Совсем сбитый с толку, отец казначей отставил стакан портера и глядел, разинув рот, очень похожий на выкинутого на берег судака. И представлял собой очень смешную картину, должно быть: по крайней мере отец игумен сквозь все свое величие не мог скрыть своей, несколько плутоватой, улыбки.
— У меня, отец, другое на уме… Может, и не глупее твоего!
И, когда неторопливо, обстоятельно изложил свой план, отец казначей мог только воскликнуть:
— Соломон! Нет, мудростию превзошедший Соломона!
Хватил, конечно, через край, но почтенный иеромонах вообще не признавал меры ни в чем, что мог бы засвидетельствовать и смиренный послушник Евтихий, едва успевавший убирать пустые бутылки.
А на другой день у отца игумена был званый и необычайный гость: становой пристав. Приняли его отменно, с великою почестью, как архиерея, но без колокольного звона, однако. Достоверно известно было из поварской, что варили, жарили, извлекая все сокровенное из погребов и кладовых, даже до полуночи.
Келейник Евтихий рассказывал после на трапезной, будто речь велась потаенная, но ему, якобы нечаянно, удалось подслушать, что говорили о глинянском юродивом Егоре, будто становой то и дело обещал: ‘Будьте спокойны, после моих увещаний на все согласится…’
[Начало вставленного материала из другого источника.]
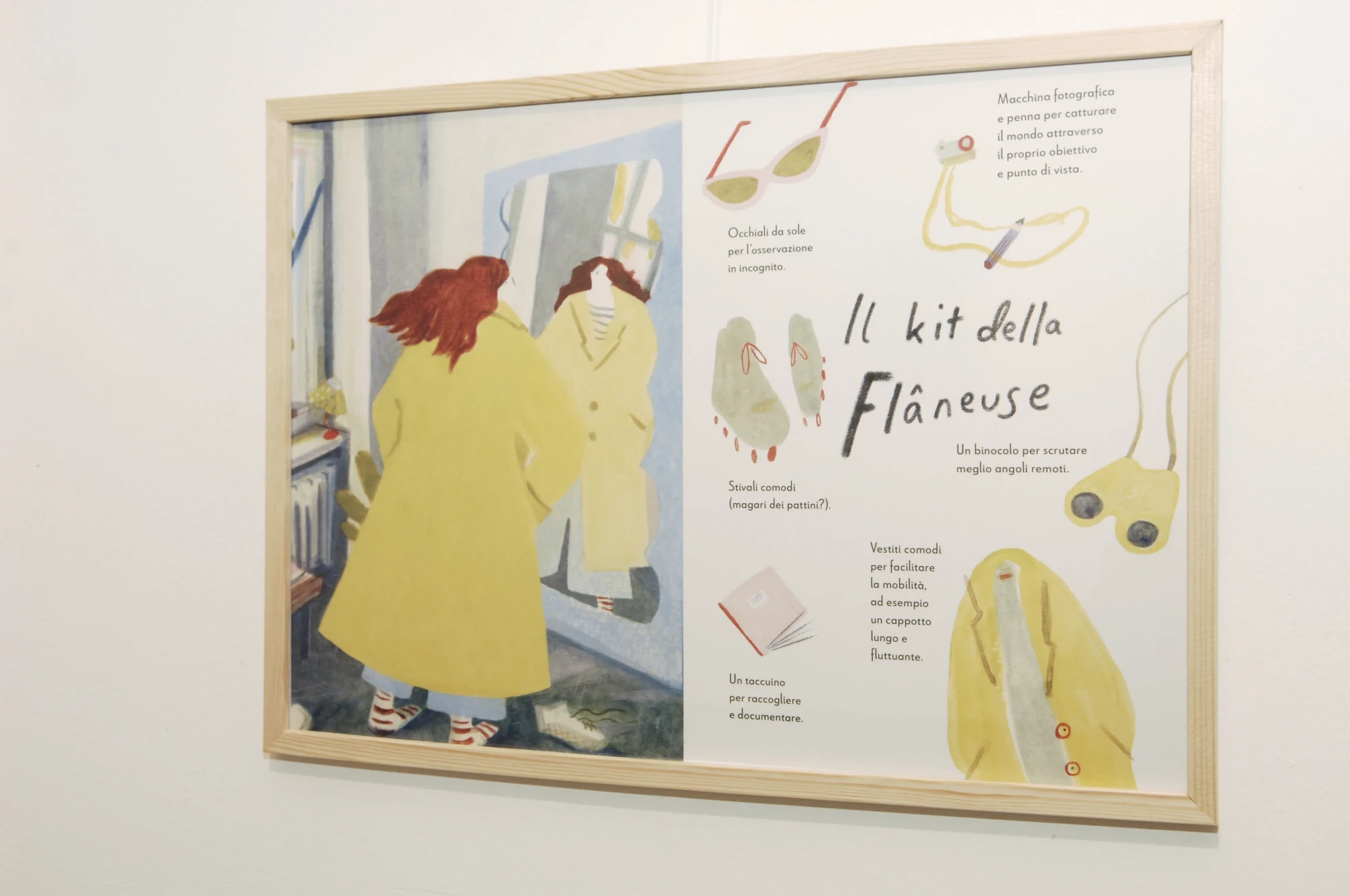 In der Ausstellung „Flâneuse!“ zeigt die Illustratorin Andrea Wandinger ihre aktuelle Publikation (erschienen bei Raum Italic und Corraini Edizioni, 2024):

— Тут отец настоятель взялись за ключи от шкатулки и меня из покоев выслали,— заключал свои повеетвования Евтихий. И при этом всякий раз почему-то вздыхал горестно, будто становой и настоятельская шкатулка странным образом ассоциировались у него, рождая элегическую грусть о каких-то прекрасных и несбыточных мечтаниях…
На ‘Алексея, божия человека,— с гор вода’, в самом деле, выпала такая ростепель, что и ночью нисколь не подстывало, капель не унималась, а в полдень уж катились целые потоки талой воды. По всему выходило — быть ранней весне.
Об этом думает и древний привратник отец Герасим, грея на солнышке свои старые кости. Приглядывается мутными глазами к черным буграм оттаявших полей, прислушивается к звону ручьев, к птичьему гомону, ведет ласковую беседу с докучными сизарями.
— Ну, что, тепло учуяли, а? Ишь, вы… Ну-ну, пошли, что на руки лезете! Еще крошечек? А вот и не дам, да… Ну, нате уж! Да что крыльями-то прямо по глазам хлещете? Обрадовались… Ну-ну, ладно, озорные, право…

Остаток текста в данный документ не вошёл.